Principle

Our pigment settles at the bottom of the liquid, like sand in the sea, and is dispersed when shaken, then falls back to the bottom. It is due to the pigments’ non-solubility that the finished product in its tube must be thoroughly shaken, so that the pigment can form a suspension before use.

Composition of an “ink” for restorative pigmentation

The finished product is made up of 3 groups of ingredients :

  • The pigment (or mix of pigments) gives the product its colour and is the active ingredient.
  • The dispersant is a liquid product in which a powder is dispersed.
  • The additives: substances in small quantities that give the finished product special properties.

The Pigment

  • The pigment can be mineral – metal oxides. It can be natural (extracted from the ore) or synthetic (produced through chemical synthesis). For example, iron oxide can be extracted from ochre quarries or by oxidizing iron. Similarly, red iron oxide can be found in its natural state (extracted from red ochre) or obtained by calcination of yellow ochre at 800°C. Black iron oxide can be naturally extracted from magnetite or obtained through chemical synthesis, and the same principle applies for all other mineral extracts. Ultramarine exists in a natural state (lapis lazuli is its purest form), but it can also be chemically produced (sodium aluminosilicate sodalite). Ultramarine blue can also turn pink or purplish-red through halogenation (using chlorine). The same goes for all mineral pigments. When a mineral pigment is naturally sourced using only physical processes (grinding, sedimentation, filtration, centrifugation, pressure, etc.) rather than chemical changes, this pigment is authorized for use in ORGANIC products.
  • Pigments may be organic, meaning derived from carbon chemistry.
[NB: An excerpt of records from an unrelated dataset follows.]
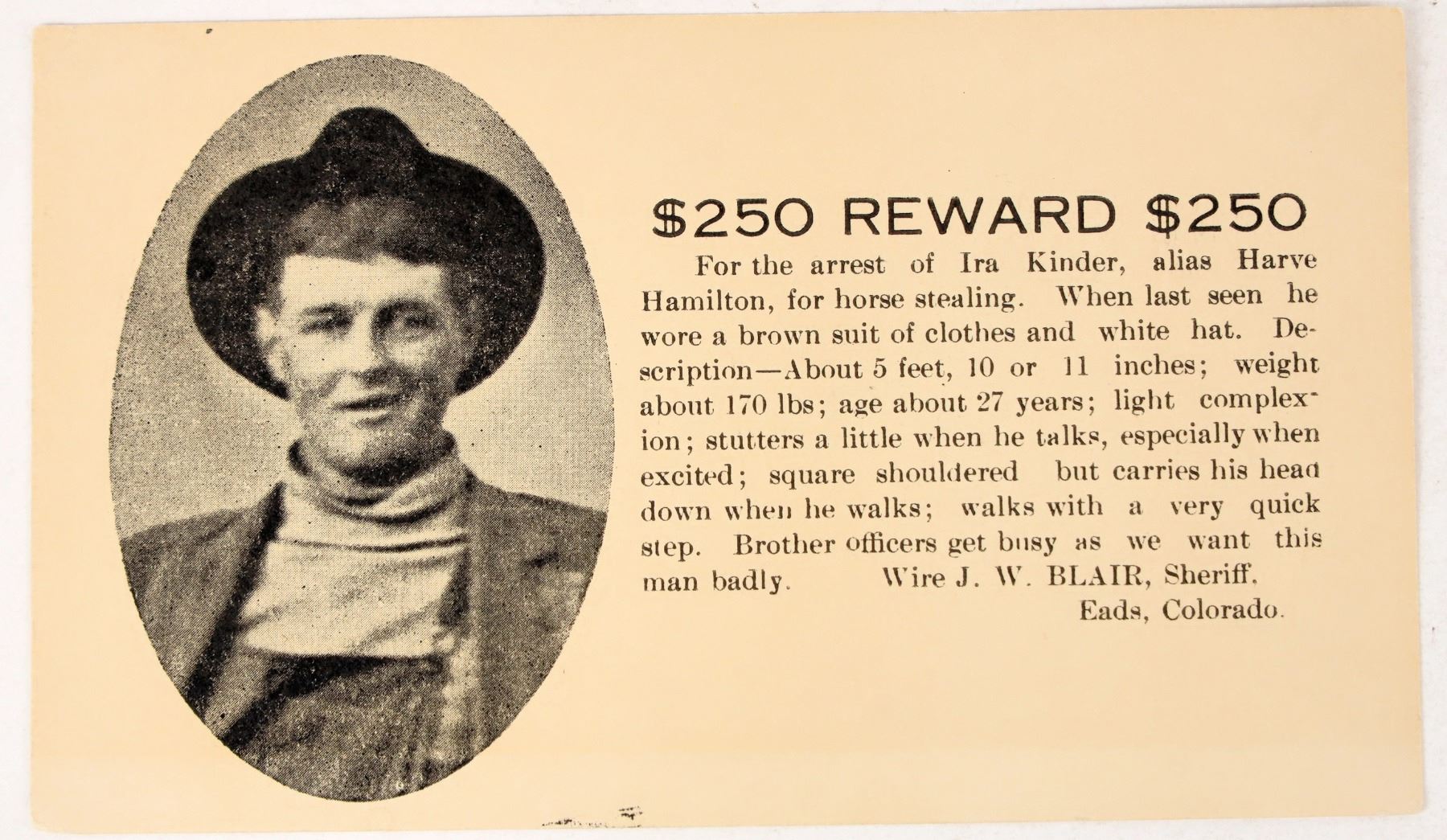 Reward Postcard for Horse Thief, Eads, Colorado, 1913 [207357]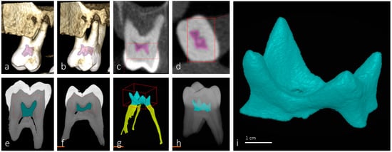 After exodontia, teeth were preserved in physiological saline solution at 4 °C until use for micro-CT study, which was carried out at the Centro Nacional de Investigacion sobre la Evolucion Humana (CENIEH; Burgos, Spain). The images were obtained with V|Tome|X s 240 from GE Sensing Inspection Technologies (Phoenix X-ray, Manufacturer: Baker Hughes, Celle, Germany), and for the analysis of the images, the software Dragonfly 2022.2 was used. The pulp canal was deleted from the rest of the tooth by adjusting the histogram. Once the pulp canals were isolated, a box was defined that corresponded to the region of the pulp chamber (Figure 1e–i). The software itself has a function that directly provides the volume value of the selected region (connected components; Figure 1i).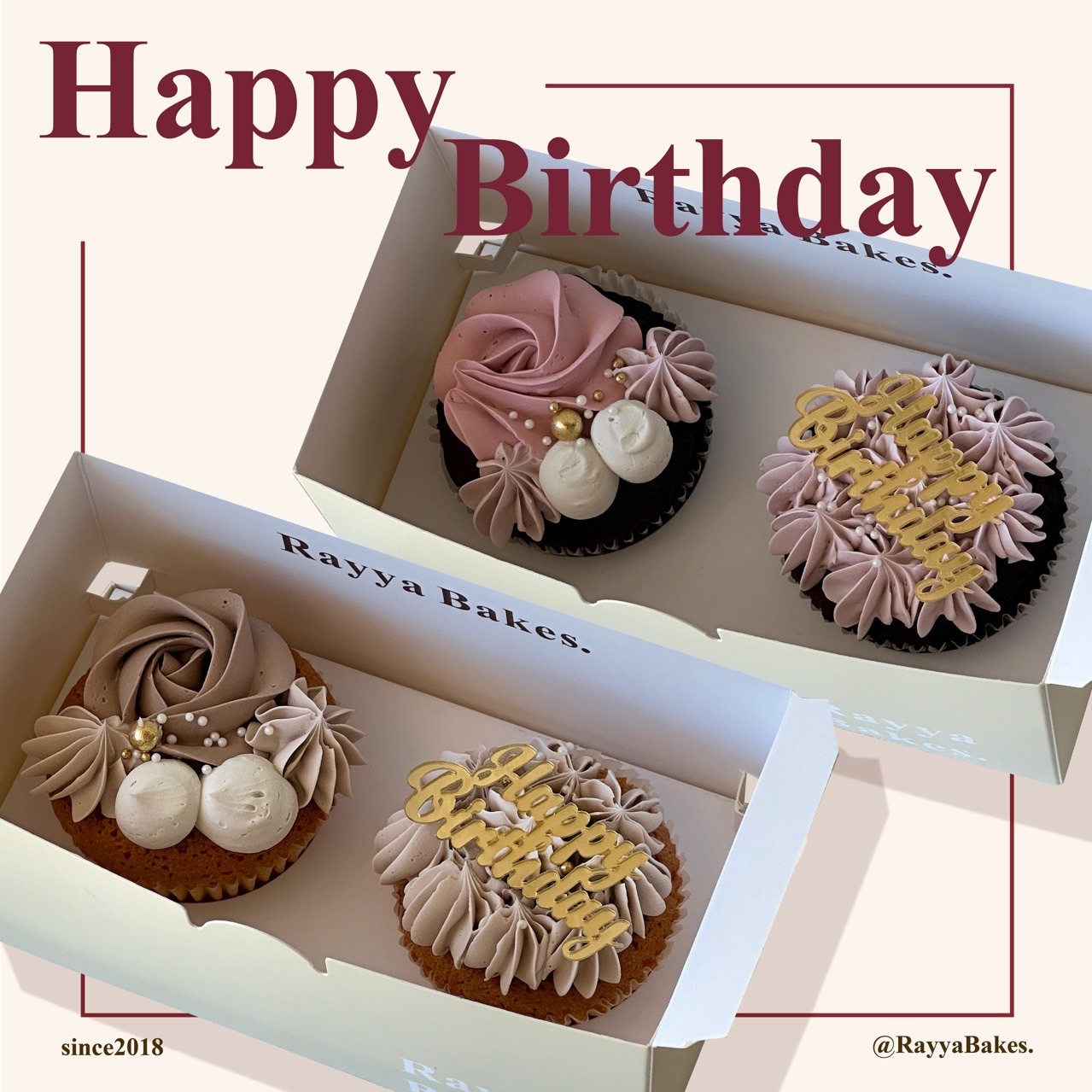 【Rayya Bakes】【2入】奶茶色生日杯子蛋糕/一人一顆剛剛好/生日蛋糕推薦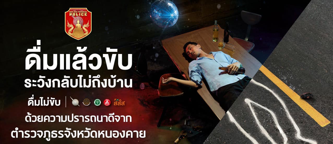 ในวันปีใหม่ พวกเราห่วงใย ดื่มไม่ขับ ถ้าดื่มแล้วขับ ระวังกลับไม่ถึงบ้าน ด้วยความปรารถนาดี จากเจ้าหน้า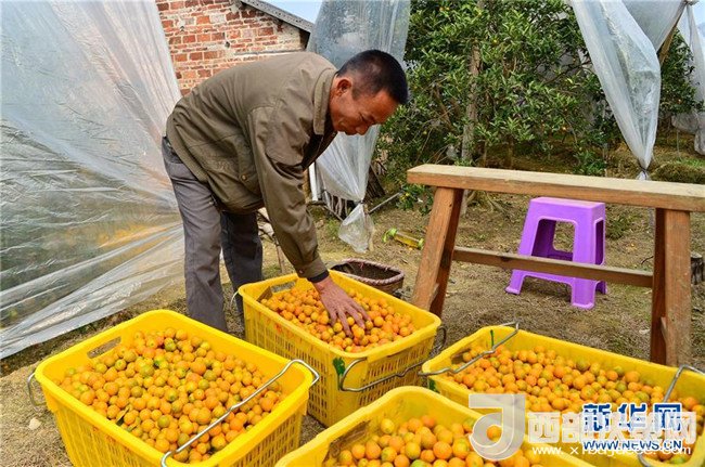 近年來,廣西融安縣因地制宜,把金桔列為扶貧增收的重要產(chǎn)業(yè),通過農(nóng)業(yè)獎補政策、專業(yè)種植技術培訓等鼓勵貧困戶種植金桔,助力脫貧。融安縣大將鎮(zhèn)雅仕村的貧困戶漆昭賢,曾常年在外地打工,生活條件艱苦。2014年在縣里政策引導下,他返鄉(xiāng)種植金桔,并獲得專項補貼和無息貸款,連續(xù)三年參加縣農(nóng)業(yè)局等單位舉辦的種植技術培訓班。如今,漆昭賢不僅在自己的地里種金桔,還承包了周圍農(nóng)戶的土地,種植面積十余畝,今年預計產(chǎn)量可達16000斤,純收入有望達到4萬元。記者李絢麗攝

Organic pigments had their heyday in the 18th century, with the chemical industrial revolution and the dye boom. While there are many natural organic dyes, nearly all organic pigments are synthetic. Natural organics include Tyrian purple (which no longer exists), which was extracted from Murex sea snails, and carmine or carminic acid, extracted from an insect, the cochineal, which is still used today.

The dispersant

This is the product required to produce a liquid dye.

  • It can be oily (rare): castor oil or other mineral or natural oils.
  • It is normally aqueous: water, propylene glycol, glycerine, etc.

The additives

These are products that are added to give the finished product additional properties:

  • Dampening agents or dispersants to facilitate pigment dispersion,
  • Isopropyl alcohol to ensure sterility after opening and improve binding,
  • Polymers to limit sedimentation and thicken the product,
  • Or, conversely, thinning products (butylene glycol),
  • Preservatives: the use of preservatives is only permitted by law to preserve a sterile state, and not to produce it.
  • pH modifiers to change the product’s pH to the skin’s pH,
  • Binding resins and other binders to fix the pigment in the skin,

>>  Remember that all ingredients, particularly additives, must be proven harmless by their manufacturer.

In conclusion, tattooing “ink” is a complex product that can vary between manufacturers, offering different properties and qualities, as well as differing levels of biocompatibility and toxicity.